On Friday last week, a Dane County Circuit Court dismissed a case brought by five lesbian couples where one of the partners is or was an employee of the state, Dunnum v. Department of Employee Trust Funds.
The state extends sick leave, health insurance and family leave benefits for the dependents (defined to include a married spouse) of state employees. The plaintiffs claimed they were denied equal protection of law because those state benefits are not extended to the same-sex partners of state employees.
The case is particularly important because the statutory definition of “dependent” at question in this case would apply to municipalities and school boards, affecting their benefit packages and budgets. The state legislature and 8 municipalities had earlier been denied intervenor status in this case.
On Friday, Judge David Flannagan based his ruling on a previous sexual-orientation discrimination decision, Phillips v. Wisconsin Personnel Commission (1992). A State Court of Appeals held in Phillips that state statutes for employee benefits specifically referred to a married spouse, excluding both same-sex and opposite-sex, non-married partners and therefore did not discriminate based on sexual orientation but on whether an employee was married or not.

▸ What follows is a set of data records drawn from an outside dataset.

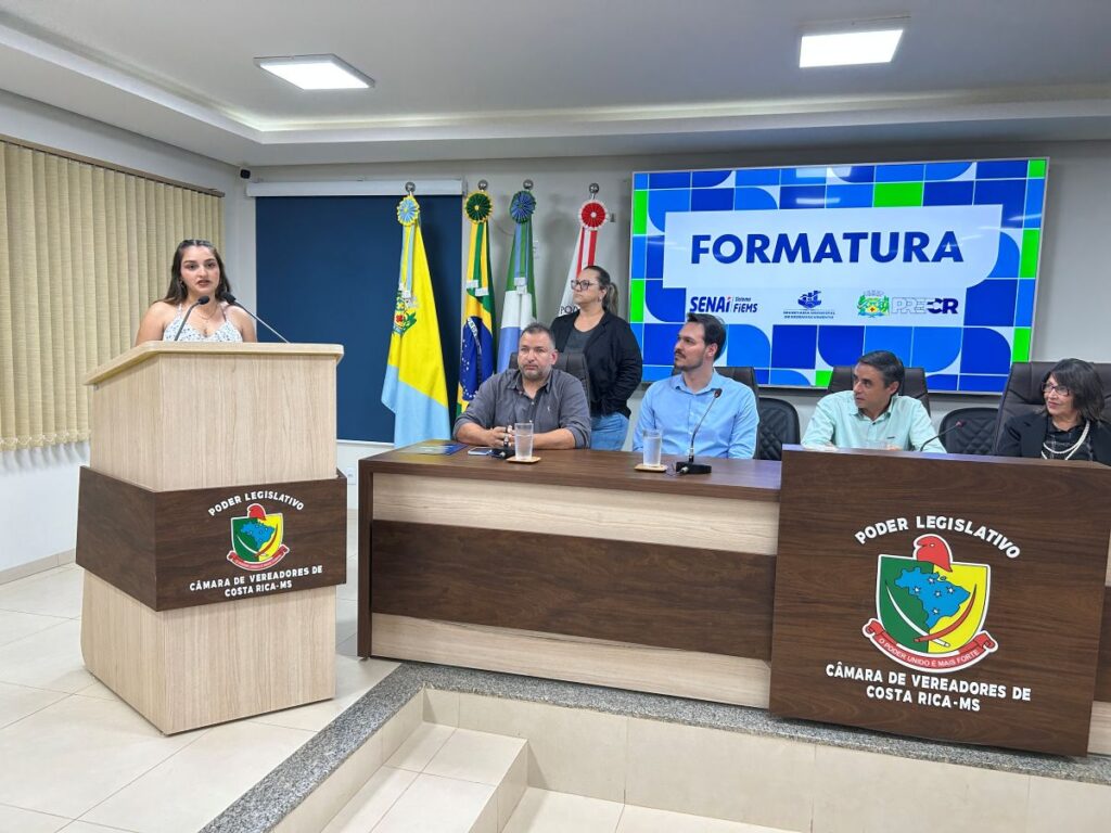 Parceria entre o Senai e a Prefeitura de Costa Rica formou 134 novos profissionais para atuar no mercado de trabalho. Em cerimônia realizada na Câmara Municipal, os alunos receberam diplomas de qualificação como mecânico de motores de ciclo diesel, soldador industrial, eletricista industrial, eletricista de automóveis, operador de computador e assistente administrativo.
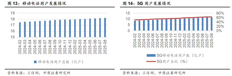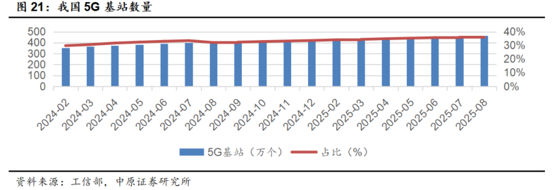 5G网络建设持续推进。截至2025年8月,5G基站总数达464.6万个,比2024年末净增39.5万个,占移动基站总数的36.3%,占比较2025年1-7月提高0.3pct。5G基站建设预计保持平稳增长。
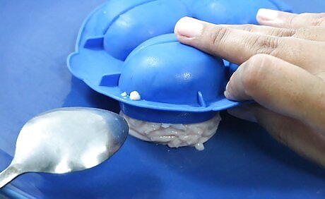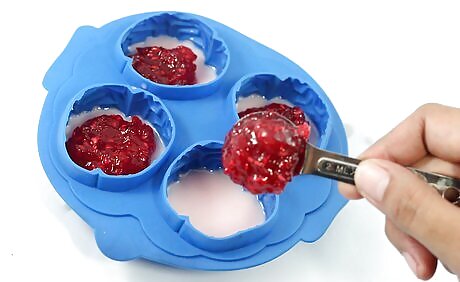 Add the raspberry filling. Once the jello has had time to firm up, remove the brains and the raspberry filling from the refrigerator. Add a teaspoon (7 g) of raspberry filling to the jello in each mold. Don’t let the filling touch the sides of the mold, otherwise the two halves of the brain won’t seal together properly. You can add as much or as little filling as you like, as long as the filling doesn’t touch the mold.
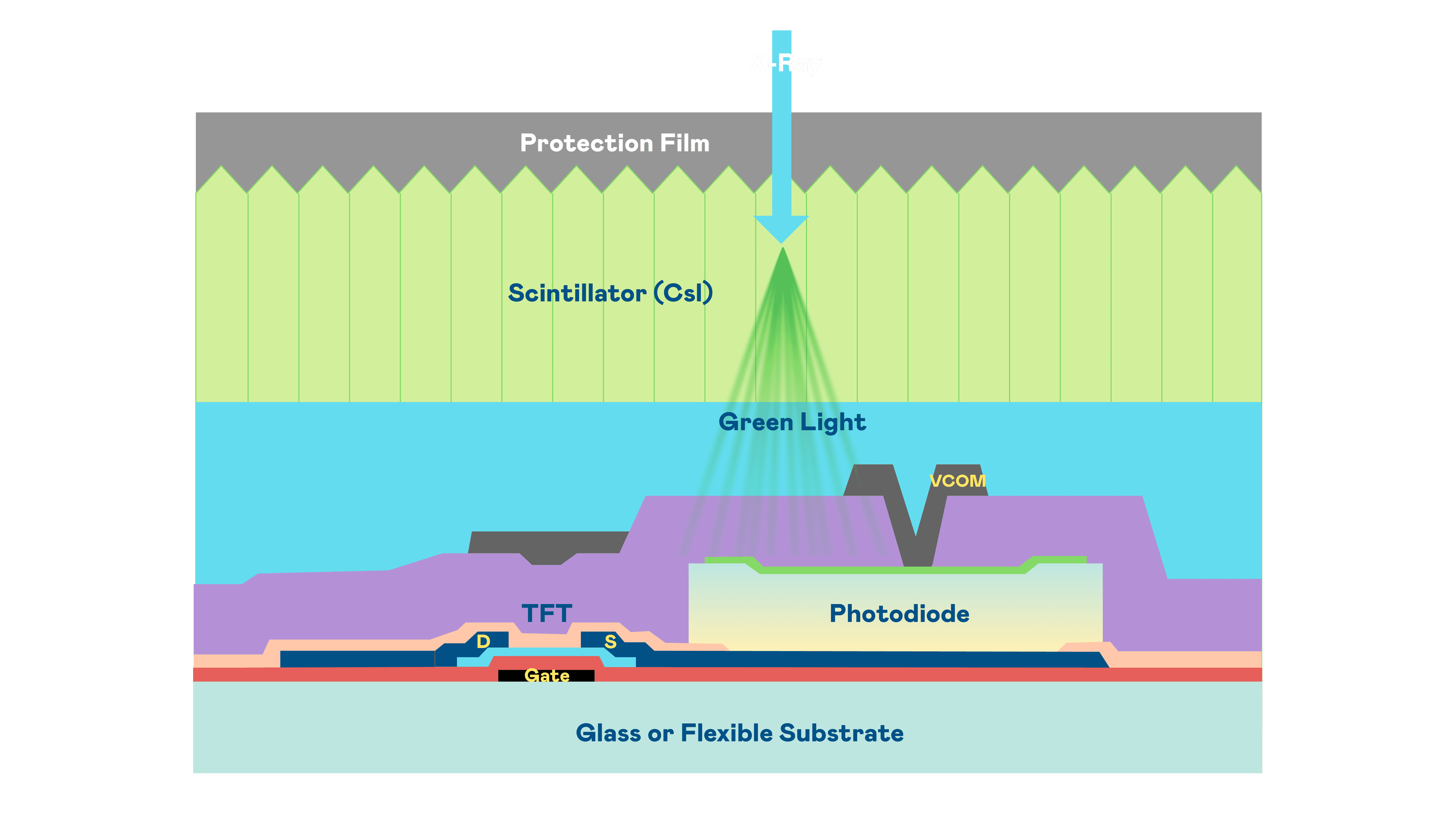 2468BET的X光影像感测阵列使用薄膜电晶体 (TFT) 作为每个像素的读取开关,,,,搭配光电二极体(Photodiode)的光电转换元件,,,,用以感测X光影像讯号。。。
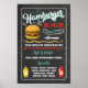 Cartel de menú de barra de hamburguesas en pizarra para su próxima fiesta. Cuenta con una deliciosa hamburguesa, botella de kétchup y mostaza, con fuentes divertidas. Toda la redacción se puede cambiar debajo de la palabra "delicioso"
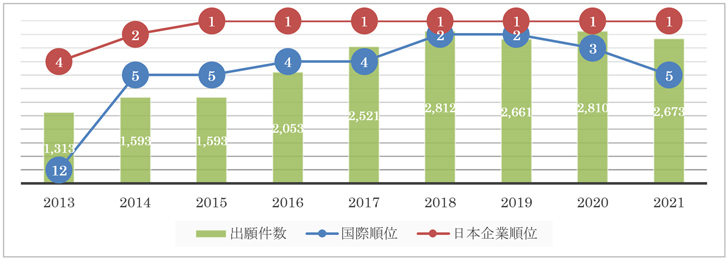 2021年の企業別国際特許出願件数において日本企業で第1位
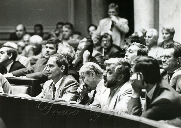 Засідання Верховної Ради 24 вересня 1993 року. У центрі: Ярослав Кендзьор, Ігор Юхновський, Леонід Танюк. Джерело: Голос України
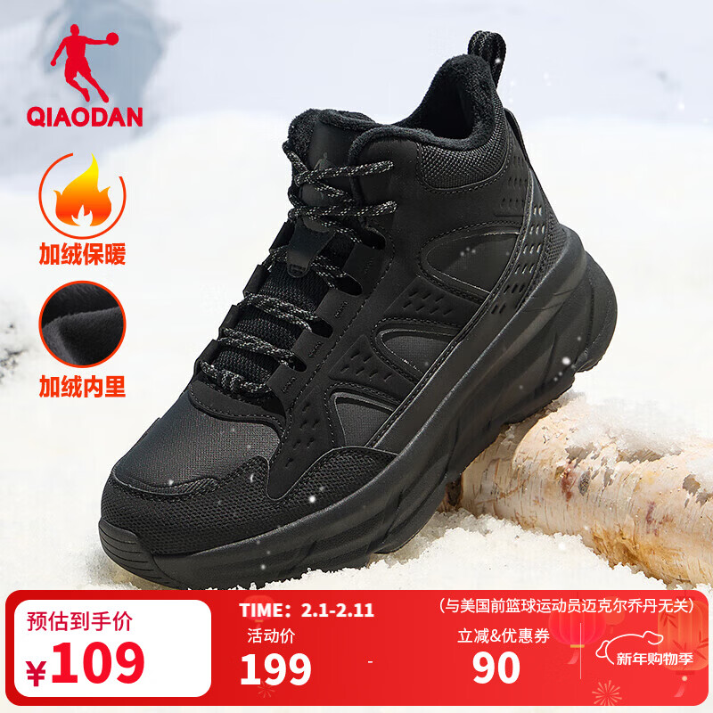 旗舰店乔丹男鞋运动鞋高帮加绒棉鞋加厚皮面革面冬季保暖防水防滑跑步鞋户外 男-黑色/电掣灰 42
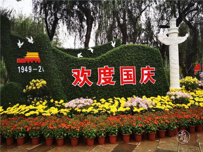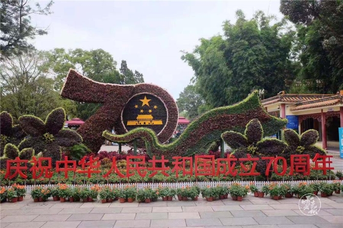 进入公园大门,映入眼帘的就是新中国成立70周年logo,造型高4.4米,宽11.6米,用五色草以及各种时令花卉制作完成,和平鸽与上万朵鲜花做成的彩带簇拥着国徽,象征者中华儿女紧紧围绕着祖国,祝愿祖国繁荣昌盛。
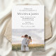 Introducing a uniquely personalized wedding invitation that perfectly marries elegance with cherished memories. The top half of this exquisite invite showcases your wedding details in a stunning combination of elegant script for the introductory and reception information, and timeless serif font for the remaining text, creating an air of sophistication and grace. Below, the invitation becomes truly yours with the addition of your chosen photo, adding a personal touch that will captivate and delight your guests. This invitation is not just an announcement, but a beautiful keepsake, reflecting the special bond you share.
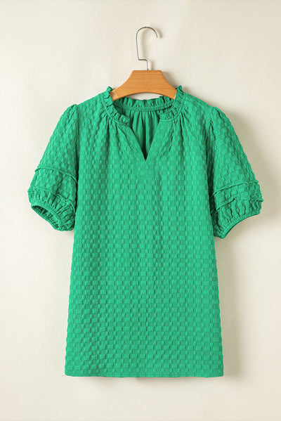 Elevate your fashion game with this textured top for ladies! Made from unique fabric, it boasts a frilled collar and puff short sleeve for a touch of playfulness. The notched v neck adds a feminine and elegant touch, making it the perfect match for any bottoms. Get ready to turn heads in this solid top!
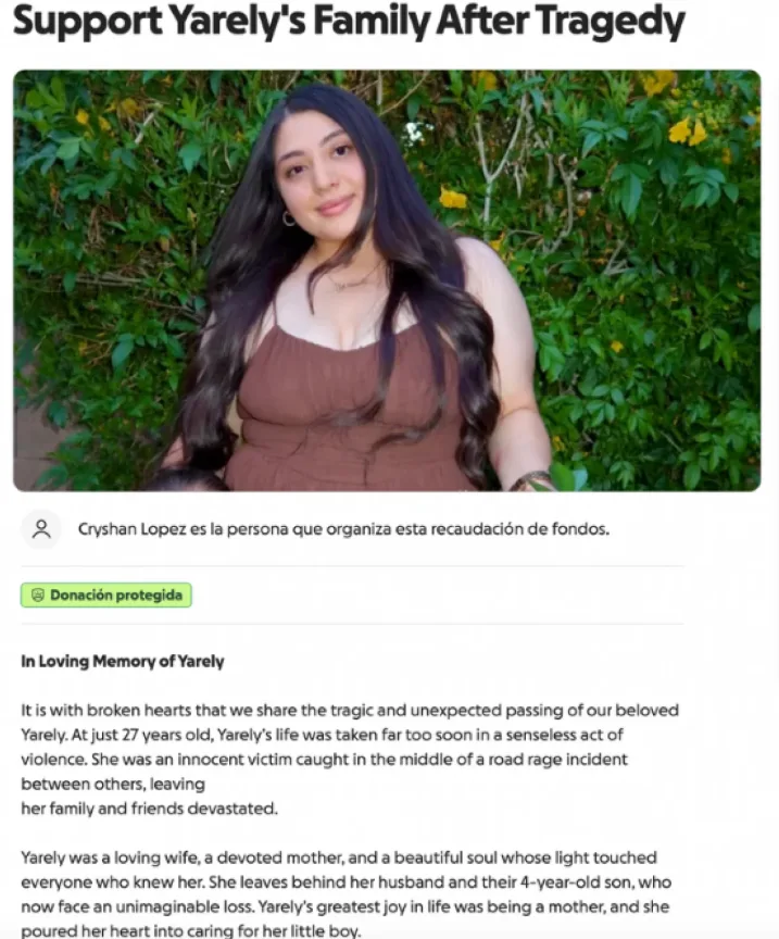 La familia de Yarely abrió una campaña en GoFundMe para cubrir gastos funerarios y brindar apoyo económico a su esposo y a su hijo pequeño.

Judge Flannagan constrained himself to precedent in Dunnum, ruling that the Phillips precedent required him to dismiss the lesbian couples’ claim because the definition of “dependent” is based on marital status and not sexual orientation–unmarried individuals are treated equally.
However, the Judge freely expressed repeatedly in the 46-page decision his opinion that the lesbian couples should be given the benefts and that had the Phillips precedent not stood in his way, he would have ruled in favor of same-sex domestic partner benefits for state employees. That opinion is now case law and will most likely inform any future decision on domestic partner benefits in this state.